Türkiye’de giyim kuşam denildiğinde ilk akla gelen isimlerden birisiniz. Stil ikonu olarak anılmak sizde ister istemez her daim bakımlı olma hissi de uyandırıyor mu? Böyle bir zorunluluk hissediyor musunuz?Ben çoğu şeyi artık kendim için yapıyorum. Belki eskiden böyle şeyler düşünüyordum ve panikliyordum ama artık öyle değilim. İnsan yasadıklarıyla öyle bir yere geliyor ki bir anda ‘kendin olmak’ önemli oluyor. Nasıl hissediyorsam öyle davranıyorum artık. Tabii ki de bakımlı olmak da önemli ama ben önce kendime saygımdan dolayı daha sonra da etrafım için bakımlı olmayı tercih ediyorum. Bu nedenle de olabildiğimce bakımlı olmaya özen gösteriyorum.
Sizi yaz-kış bronz görüyoruz, kışın solaryuma mı giriyorsunuz?Son beş senedir solaryuma hiç gitmiyorum. Artık yaz aylarında bronzlaşmayı seviyorum. Kışın ise olabildiğince beyaz kalmak istiyorum.

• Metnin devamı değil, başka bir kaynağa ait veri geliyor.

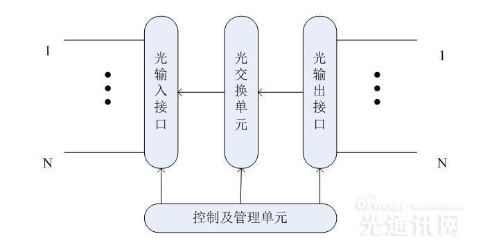 光交換節(jié)點由光輸入接口、光輸出接口、光交換單元、控制及管理單元組成。

Yazın sporunuzdan da hiç taviz vermediniz. Simdi artık is yoğunluğunuz da fazla olacak, spora vakit ayırabilecek misiniz?Ben her şeyimi ona göre ayarladım. Spor için sabah saat 06.00’da kalkarım, sporuma giderim ve oradan ise giderim. Haftanın beş günü Bootcamp antrenmanları yapıyorum. Haftada üç gün de biriyle birlikte dışarıda koşuyorum. Ben bunu bir hayat tarzı sekline getirdim. Severek yaptığım için de bana külfet gibi gelmiyor. Sporu önce sağlık sonra görüntü için herkesin yapması gerektiğini düşünüyorum. Ayrıca sporun vücuda verdiği diriliği başka hiç bir şey veremiyor.